For comparison: according to the German Advisory Council on Global Change, the total personal CO₂ budget available to each person for a climate-neutral life is around 1–2 tonnes per year (across all sectors combined). For many people, the car alone therefore already uses up most or all of that climate-compatible budget, or exceeds it. Fuel-efficient driving, carpooling, or switching to a low-emission vehicle can significantly reduce this figure.

Note that this calculator computes tank-to-wheel emissions – meaning only the direct CO₂ output at the tailpipe, without emissions from fuel production and delivery (well-to-wheel). Including these upstream and downstream emissions raises the actual CO₂ equivalents by 15–25%. The EU CO₂ limits for new passenger car registrations likewise refer to tank-to-wheel values.

CO₂ calculation examples

Reference: 7 L/100, 15,000 km, petrol

Reference: 7 L/100, 15,000 km, petrol
ItemAmount
Fuel consumption7 L/100 km
Annual mileage15,000 km/year
Fuel used1,050 L/year
Petrol emission factor2.37 kg/L
CO₂ emissions2,488.5 kg ≈ 2.49 t

Diesel SUV: 8 L/100, 20,000 km

Diesel SUV: 8 L/100, 20,000 km
ItemAmount
Fuel consumption8 L/100 km
Annual mileage20,000 km/year
Fuel used1,600 L/year
Diesel emission factor2.65 kg/L
CO₂ emissions4,240 kg = 4.24 t

Frequently asked questions about car CO₂ emissions

Emission factors, climate impact and consumption optimization explained

The formula is: CO₂/year = consumption (L/100 km) ÷ 100 × km/year × emission factor. The emission factor is 2.37 kg CO₂/L for petrol (E10) and 2.65 kg CO₂/L for diesel. Example: at 7 L/100 km, 15,000 km/year and petrol: 0.07 × 15,000 × 2.37 = 2,488.5 kg ≈ 2.49 tonnes of CO₂ per year. That corresponds to roughly 3 months of an average person’s CO₂ budget in Germany.

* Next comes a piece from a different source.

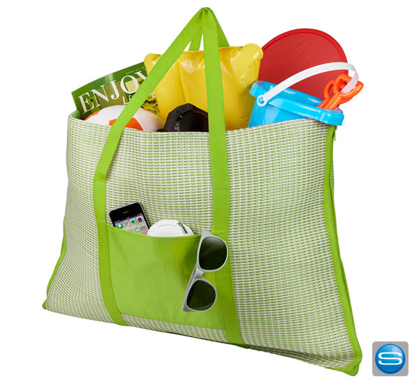 2 in1 Strandmatte als Tasche zum zusammenfalten mit Logo
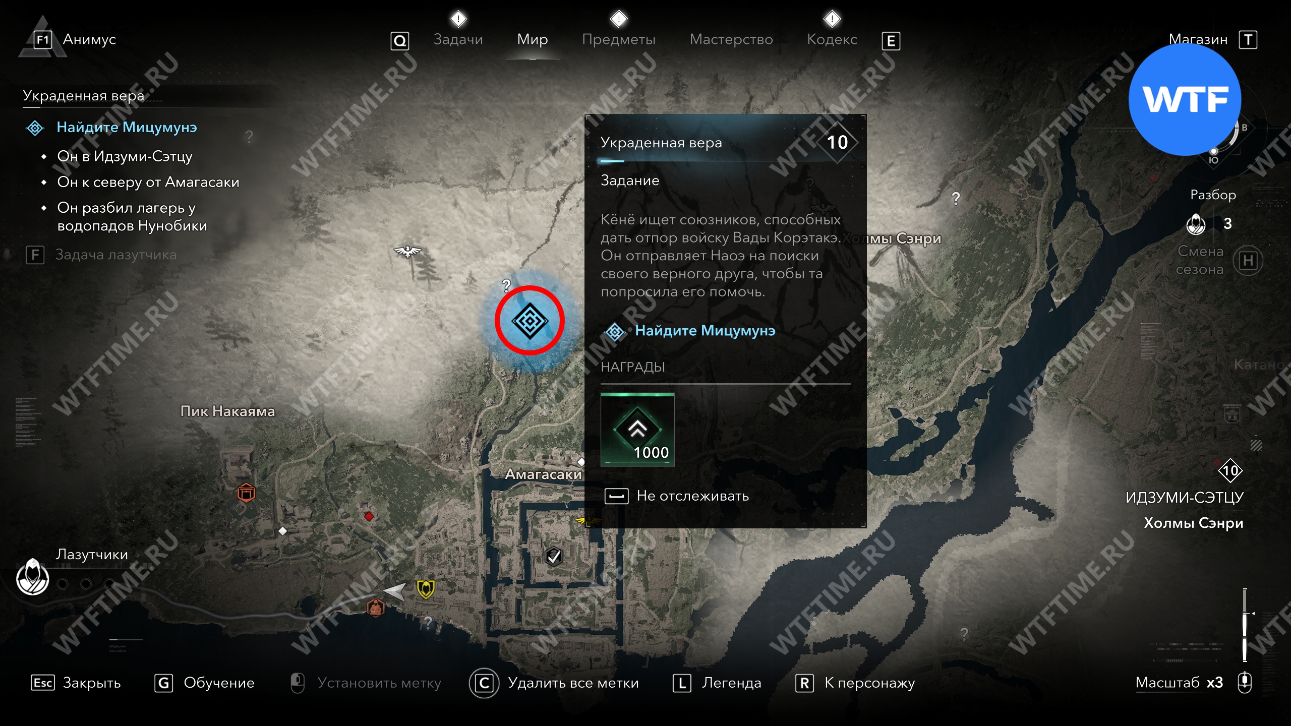 После этого останется только вернуться Мицумунэ. На этом прохождение квеста «Украденная вера» в AC Shadows будет завершено. В награду за его завершение вы получите 1000 опыта и сможете перейти к следующему квесту в цепочке «Голову с плеч».

Diesel has a higher energy density and a higher carbon content than petrol. Burning one liter of diesel produces 2.65 kg of CO₂, compared to 2.37 kg of CO₂ for petrol. However, diesel engines typically consume 1–2 liters less per 100 km than comparable petrol engines. This can lower the absolute CO₂ emissions per kilometer despite the higher factor per liter. An accurate comparison always needs to account for the actual consumption figures.

Fuel-efficient driving is the most effective approach: use cruise control on the motorway, shift gears early, use engine braking, use air conditioning sparingly, and check tire pressure regularly. Every liter of petrol saved means 2.37 kg less CO₂. Saving 1 L/100 km at 15,000 km of annual mileage adds up to 355 kg less CO₂ per year. Other measures: carpooling, switching to a hybrid or electric car, or covering short distances on foot or by bike.

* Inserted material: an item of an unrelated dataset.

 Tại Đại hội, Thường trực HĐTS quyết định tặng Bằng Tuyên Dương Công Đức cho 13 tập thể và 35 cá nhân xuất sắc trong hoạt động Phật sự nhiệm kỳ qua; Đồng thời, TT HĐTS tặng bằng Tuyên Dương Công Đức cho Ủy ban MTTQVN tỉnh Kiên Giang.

The emission factor (CO₂ per liter) results from the fuel’s carbon content and the molar mass ratio of CO₂ to carbon (44/12 = 3.67). Petrol (density ~0.74 kg/L, carbon content ~87%): 0.74 × 0.87 × 3.67 ≈ 2.37 kg/L. Diesel (density ~0.83 kg/L, carbon content ~86%): 0.83 × 0.86 × 3.67 ≈ 2.65 kg/L. This calculator uses these tank-to-wheel factors (direct tailpipe emissions only, excluding fuel production).

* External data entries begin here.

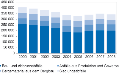 - 1 Das genannte Abfallaufkommen entspricht dem Nettoaufkommen. Nicht berücksichtigt sind die Abfälle aus Abfallbehandlungsanlagen, die erst seit 2006 zusätzlich ausgewiesen werden. Im Jahr 2008 machten sie 38,2 Mio. Tonnen aus.
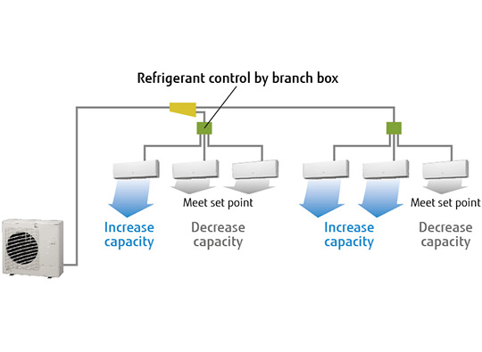 Il nuovo sistema di controllo del refrigerante ottimizzato consente di rinfrescare più velocemente tutte le stanze di un edificio per ottenere la temperatura desiderata.
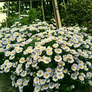 今晩わー。 天気予報外れで、時々日が差して蒸し暑かったわ。 達磨菊は横に増えていく。 高さ2メートルのコンクリート壁はお父ちゃんの一人キャチボールの場所です。 達磨菊は横に増えていくが、フエンスから下に垂れ下がっていく。 19年11月3日に同じ場所の達磨菊の投稿しました。 昨年は横に横に増えて、垂れ下がる事がなかった。 左側にも垂れ下がってますが、全体が撮れなかった。 私は下りるのが怖いのでお父ちゃんに撮ってもらいました。 何枚も撮ってもらいましたが、何枚か撮っては脚立を使って、私に渡す。 まあ、これでいいか😅 明日は☔予報です。
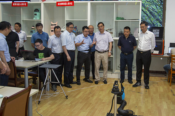 郭亨孝一行首先参观学校科技成果和创新创业、智能制造成果展,随后来到研究院创新创业孵化中心,实地考察慧鱼机器人展示区、反恐排爆机器人展示区、创客空间作品展示区、无人机展示区、加工制作区,听取智能制造研究院院长蒲国林教授、副院长陈光平博士的情况介绍,并就机器人研究进展及成果转化情况与参与项目研究的师生亲切交流,鼓励科技创新团队加强应用研究,积极对接企业和产业,更好地服务达州经济社会发展,促进地方产业升级和新业态发展。
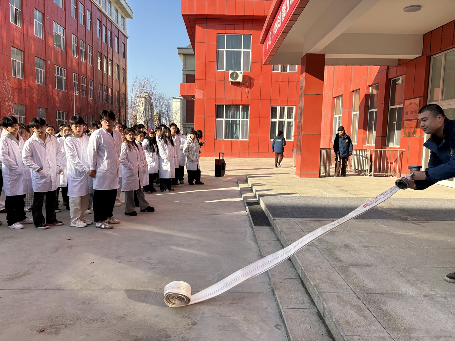 (赖凡 报道)为提升师生消防安全意识与应急避险能力,2025年11月12日,食品工程学院(化工与环境工程学院)组织学生在善行楼开展消防演练活动。学院领导及相关教师、应用化工技术251班、食品检验检测技术251班学生共同参与。
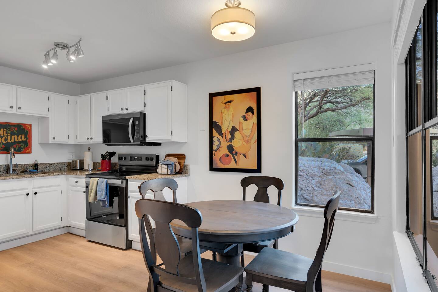 Relax in our newly remodeled 2BR/2BA condo with stunning Catalina Mountain views. Enjoy new wood-look flooring, granite countertops, stainless steel appliances, and a full-size washer and dryer. Take advantage of heated pools, a spa, fitness center, and nearby Ventana Canyon trails and golf. Perfect for couples or families seeking a peaceful desert escape with modern comfort, Southwest charm, and easy access to dining, hiking, and shopping in Tucson.
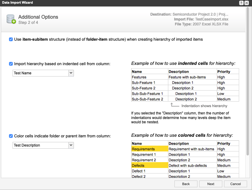 On the Additional options page, indicate whether your worksheet uses cell color or indentation for hierarchy, then select Next.

The EU has set strict CO₂ limits for new registrations. From 2030, the fleet average for passenger cars will be 93.6 g CO₂/km, and from 2035 effectively 0 g CO₂/km (only electric vehicles or e-fuels). For comparison: a car with 7 L/100 km petrol consumption emits 166 g CO₂/km (2.37 kg/L × 7/100 × 1,000 g/kg). That is well above the limit and explains the strong push toward electrifying the vehicle fleet.